Début 2018, l’Aliansi Nasional Reformasi KUHP (« Alliance Nationale pour la Réforme du code pénal »), formée en 2005 par quelque quarante organisations de la société civile concernées par la réforme du code, demande au gouvernement de retirer le dernier brouillon, considéré notamment comme plus répressif que le code colonial.

En 2019, des milliers d’étudiants de Jakarta et de Bandung, deuxième agglomération urbaine du pays, manifestent devant le DPR contre le projet de nouveau code pénal et contre une loi qui diminue le pouvoir de la Commission pour l’éradication de la corruption (KPK). Les manifestants trouvent problématiques onze articles du projet dans lesquels constitueraient un délit, parmi lesquels l’offense au président ou au vice-président, l’avortement, sauf dans les cas de viol, le concubinage, l’offense à une religion, l’attentat à la pudeur entre personnes du même sexe.

Confronté à cette vive opposition au projet de nouveau code, le ministère de la Justice invite l’Aliansi à une discussion en juin 2022. Celle-ci répond qu’elle rejette la ratification du projet s’il n’y a pas de discussion transparente ni de participation publique significative.

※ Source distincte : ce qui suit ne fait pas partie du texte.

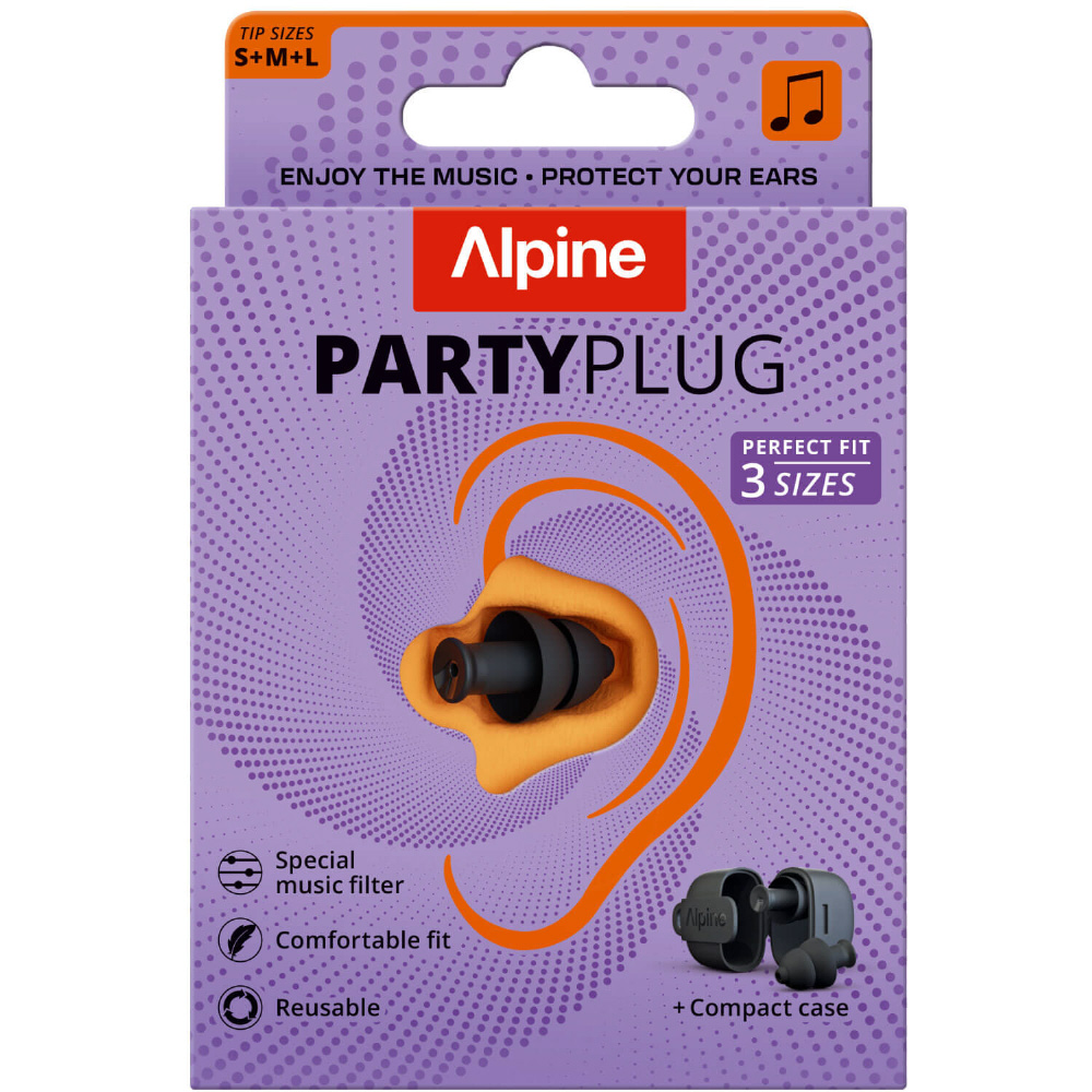 Alpine PartyPlugは、音楽愛好者やフェス・コンサート鑑賞者のために設計されたイヤープラグです。音楽や会話をクリアに楽しみながら有害な騒音を19dB低減する音楽鑑賞に最適化されたフィルターを搭載。S/M/Lの3サイズイヤーチップで快適かつしっかりフィットし、丈夫でコンパクトなキャリングケース付きでどこへでも持ち運べます。
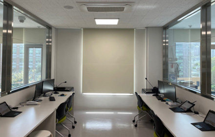 시나리오 구현이 끝난 후 교수자와 학습자가 경험한 내용을 성찰, 토론, 피드백을 통하여 학습자의 학습목적을 촉진시키고, 간호수행 역량을 강화시키기 위한 공간으로, 필요에 따라 소그룹 또은 대그룹 으로 활용할 수 있도록 약 50여 명을 수용할 수 있다. 디브리핑 시 스템, 강사추적 카메라, Wall monitor, 전자교탁, 컴퓨터가 내장된 책상 등이 구비되어 있다.

Finalement le 6 décembre 2022, le DPR vote le projet de loi, alors qu’il continue d’être rejeté par de nombreux secteurs de l’opinion. Le processus de rédaction et d’adoption légale d’un nouveau code pénal aura pris plus de cinq décennies. Au total, de 1964 à 2015 vingt-quatre brouillons auront été soumis.

Les raisons de la colère

Le résultat final est loin de tenir compte des demandes de la société civile. Dans un texte daté du jour-même de l’entrée en vigueur du nouveau code, l’hebdomadaire indonésien Tempo identifiait les principaux articles controversés, qui n’ont pas changé malgré les longs débats antérieurs.

De leur côté, diverses organisations de la société civile réagissaient en déclarant que le nouveau code pénal, ainsi que le nouveau code de procédure qui l’accompagne (Kitab Undang-Undang Hukum Acara Pidana ou KUHAP, adopté en novembre 2025 par le DPR), « peuvent porter atteinte aux libertés civiles et risquent de faire basculer le pays vers un État autoritaire, sur fond de rapports de plus en plus alarmistes visant les opposants au gouvernement, » pour reprendre les mots d’une journaliste du quotidien indonésien de langue anglaise The Jakarta Post dans son édition du 3 janvier.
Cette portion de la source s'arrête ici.